Edgar J. DaSilva (21 August 1941 – 28 October 2007) was an Indian microbiologist whose passion for the practical application of his subject had driven him to champion biotechnology in developing countries around the world.

DaSilva joined the United Nations Educational, Scientific and Cultural Organization (UNESCO) in 1974; and rose to be head of its Life Sciences section, as his foresight and perception of science in the global context allowed him to be proactive in identifying scientific priorities and developing new and appropriate thrusts for UNESCO's program actions.

Leadership role in Culture Collections and Biotechnology 
He was instrumental in the planning and implementation of several UNESCO regional and international programmes in applied microbiology and biotechnology as well in the development of global networks dealing with the management and use of microbial resources and training opportunities in the fields of marine and plant biotechnology. He was a co-founder of the Microbiological Resource Centres (MIRCEN) all around the world and played a major role in the establishment of the Biotechnology Action Countil (BAC). Through these two programmes he made a considerable contribution to the development of  biotechnology research and training worldwide.
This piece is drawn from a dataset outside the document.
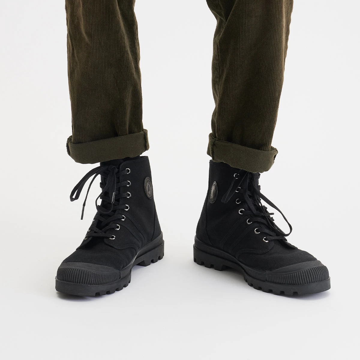 La boots homme Authentique est revisitée depuis le brodequin original avec une version plus éco-responsable. Conçue avec une toile noir en coton recyclé, cette chaussure montante en toile est montée sur une semelle ultra-souple en caoutchouc naturel. Sa semelle en caoutchouc naturel lui garantit une grande souplesse afin de vous accompagner dans tous vos mouvements quotidiens. Son logo est placé à l’intérieur pour protéger la malléole.
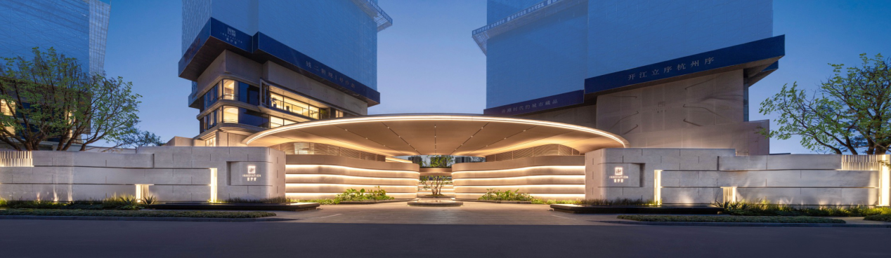 杭州的杭序府项目,作为招商蛇口TOP序系在钱江新城二期的封面之作,以“计容新规后钱二首个架空平台住区”为亮点,通过整体抬升约3米的创新设计,重塑社区空间层次。项目携手西泠印社,将金石文化与现代艺术空间相融合,外立面运用双曲面石材与大面玻璃(局部铝板线条及涂料),室内打造约170-370㎡宽境户型,在形式与功能间寻得平衡。

Intergovernmental Activities 
DaSilva's knack for developing strong links with international programs for co-ordinated action on topics of common interest led to his strong support for the International Organization of Biotechnology and Bioengineering (IOBB), built strong links with the World Federation for Culture Collections (WFCC), played an important role in the conferences on the Global Impact of Applied Microbiology (GIAM) among many others. In addition, he mobilized several extra-budgetary programs in close cooperation with UNEP and UNDP and donor member states for activities in national development in biotechnology and regional cooperation in microbiology.

Biotechnology Transfer 
During his time with UNESCO, DaSilva honed his passion for teaching and knowledge transfer in his own area of specialization of microbiology and also in biotechnology. He worked tirelessly to develop training initiatives and set up fellowship and professorship programs to stimulate scientific exchange. He was a strong proponent of international scientific collaboration as a means to promote development and aid provide developing countries with the tools to drive their own scientific research.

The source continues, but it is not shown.